Et je pense que là nous rejoignons le texte de l'évangile de Jean. Ce pain qui est
au-dessus de tout, ce pain supersubstantiel, ce pain de vie, ce pain vivant c'est
le Christ.
En demandant à Dieu ce pain, nous confessons que tout ce qui est essentiel
pour notre vie, c'est le Christ qui nous a été donné par Dieu.
Et cette demande nous pouvons la faire parce que Dieu nous a déjà donné son
Fils, lui qui nous a dit qu'Il était le Pain vivant descendu du ciel.

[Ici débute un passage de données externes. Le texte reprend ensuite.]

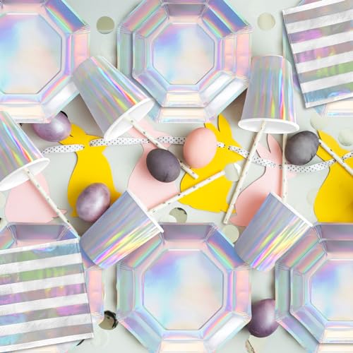 Iridescent Party Supplies – Disposable Paper Plates, Cups and Napkins, Ideal for Birthday, Mermaid Themed Events & Birthday or Wedding Party Decoration – Serves 16

Et nous pouvons la faire quotidiennement car en formulant cette demande
nous nous abandonnons entièrement dans les mains de Dieu et nous plaçons
notre entière confiance en Lui.
"Donne-nous aujourd'hui notre pain qui est au-dessus de tout." Oui, Seigneur,
je sais et je crois que Tu es le Pain vivant descendu du ciel qui me donnera la
vie éternelle.
Alors oui, Notre Père, ce pain donne-le nous pour que nous puissions mettre
toute notre confiance en Ton Fils et non en nous-mêmes pour tout ce qui est
nécessaire à notre vie, à la vie des autres, à leur vie matérielle et spirituelle.